#### Your instructions
Repeat the stretch of entries below from the line with "Marshall Monitor III" through the line with "NWT Anthropologie Somerset". Include both ends and add nothing.

((

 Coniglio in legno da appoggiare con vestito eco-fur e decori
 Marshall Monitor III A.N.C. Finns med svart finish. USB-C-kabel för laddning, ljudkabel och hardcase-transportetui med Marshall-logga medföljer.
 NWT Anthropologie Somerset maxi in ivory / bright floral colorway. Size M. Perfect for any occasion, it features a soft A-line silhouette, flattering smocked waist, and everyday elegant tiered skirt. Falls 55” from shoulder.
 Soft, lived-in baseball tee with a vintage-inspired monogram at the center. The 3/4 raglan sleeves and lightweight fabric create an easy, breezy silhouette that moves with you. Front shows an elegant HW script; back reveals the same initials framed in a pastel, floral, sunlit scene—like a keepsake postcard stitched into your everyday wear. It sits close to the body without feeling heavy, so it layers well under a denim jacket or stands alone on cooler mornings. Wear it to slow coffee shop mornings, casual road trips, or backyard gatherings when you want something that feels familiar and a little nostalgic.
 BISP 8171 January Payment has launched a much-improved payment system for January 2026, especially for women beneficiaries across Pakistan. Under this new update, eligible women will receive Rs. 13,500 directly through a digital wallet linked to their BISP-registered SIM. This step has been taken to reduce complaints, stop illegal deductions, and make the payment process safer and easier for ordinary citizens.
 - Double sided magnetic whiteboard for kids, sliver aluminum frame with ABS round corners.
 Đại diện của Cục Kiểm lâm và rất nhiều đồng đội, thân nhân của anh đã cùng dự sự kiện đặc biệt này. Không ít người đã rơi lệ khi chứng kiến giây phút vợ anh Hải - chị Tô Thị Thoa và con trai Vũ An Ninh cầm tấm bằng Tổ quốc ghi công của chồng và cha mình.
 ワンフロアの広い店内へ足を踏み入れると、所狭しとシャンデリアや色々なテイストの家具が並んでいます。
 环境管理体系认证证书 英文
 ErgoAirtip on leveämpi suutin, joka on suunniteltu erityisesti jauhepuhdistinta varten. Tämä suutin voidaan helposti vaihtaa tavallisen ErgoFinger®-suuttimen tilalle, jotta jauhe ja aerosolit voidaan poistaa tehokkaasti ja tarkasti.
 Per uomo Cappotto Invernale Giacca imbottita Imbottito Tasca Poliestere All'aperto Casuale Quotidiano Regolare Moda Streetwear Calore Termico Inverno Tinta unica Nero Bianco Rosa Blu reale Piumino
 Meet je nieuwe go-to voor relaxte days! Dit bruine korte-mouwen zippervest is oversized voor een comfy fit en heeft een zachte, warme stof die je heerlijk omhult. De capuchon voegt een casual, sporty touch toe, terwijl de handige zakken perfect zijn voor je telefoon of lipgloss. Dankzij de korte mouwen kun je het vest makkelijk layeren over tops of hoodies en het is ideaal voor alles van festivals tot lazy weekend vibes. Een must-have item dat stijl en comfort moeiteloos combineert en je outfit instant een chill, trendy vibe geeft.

))

#### Exercise answer
 Marshall Monitor III A.N.C. Finns med svart finish. USB-C-kabel för laddning, ljudkabel och hardcase-transportetui med Marshall-logga medföljer.
 NWT Anthropologie Somerset maxi in ivory / bright floral colorway. Size M. Perfect for any occasion, it features a soft A-line silhouette, flattering smocked waist, and everyday elegant tiered skirt. Falls 55” from shoulder.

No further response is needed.